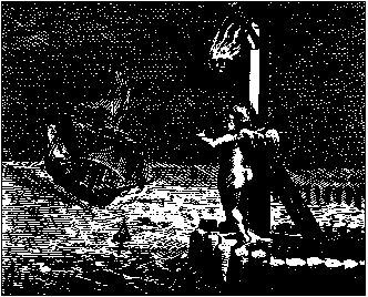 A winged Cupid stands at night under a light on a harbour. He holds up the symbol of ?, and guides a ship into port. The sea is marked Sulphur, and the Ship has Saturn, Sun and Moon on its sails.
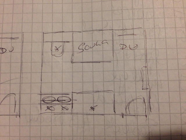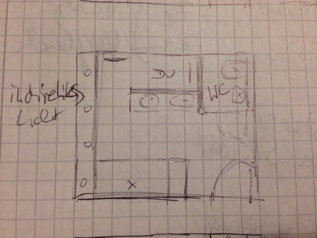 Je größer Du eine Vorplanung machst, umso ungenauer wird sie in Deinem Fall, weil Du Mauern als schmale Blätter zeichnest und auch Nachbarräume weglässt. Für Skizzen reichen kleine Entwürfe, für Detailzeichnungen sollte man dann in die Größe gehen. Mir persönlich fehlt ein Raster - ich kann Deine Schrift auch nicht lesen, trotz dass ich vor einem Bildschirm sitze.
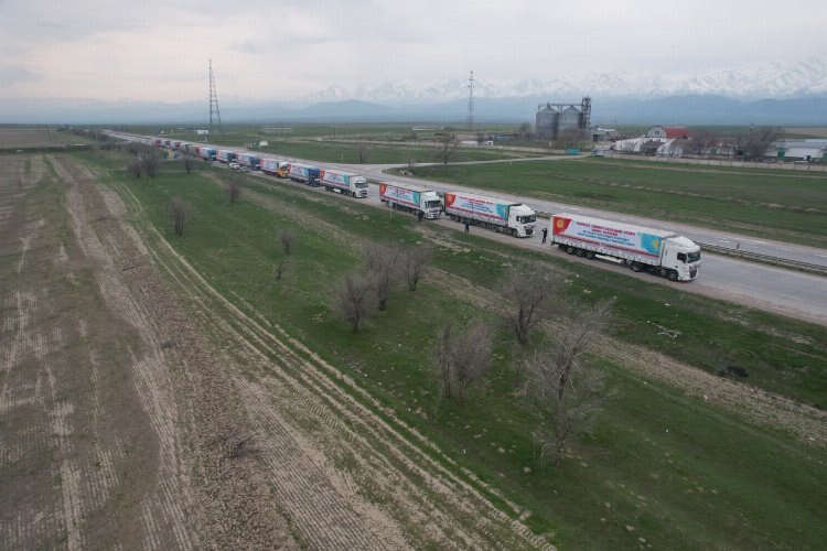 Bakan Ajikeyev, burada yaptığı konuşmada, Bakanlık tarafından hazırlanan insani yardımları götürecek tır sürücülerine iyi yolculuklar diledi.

* **Aim of the exercise**
Reproduce, unchanged, each line between the one with "Je größer Du" and the last line of the material, both included; the pictures do not go in.

* **Response**
 Je größer Du eine Vorplanung machst, umso ungenauer wird sie in Deinem Fall, weil Du Mauern als schmale Blätter zeichnest und auch Nachbarräume weglässt. Für Skizzen reichen kleine Entwürfe, für Detailzeichnungen sollte man dann in die Größe gehen. Mir persönlich fehlt ein Raster - ich kann Deine Schrift auch nicht lesen, trotz dass ich vor einem Bildschirm sitze.
 Bakan Ajikeyev, burada yaptığı konuşmada, Bakanlık tarafından hazırlanan insani yardımları götürecek tır sürücülerine iyi yolculuklar diledi.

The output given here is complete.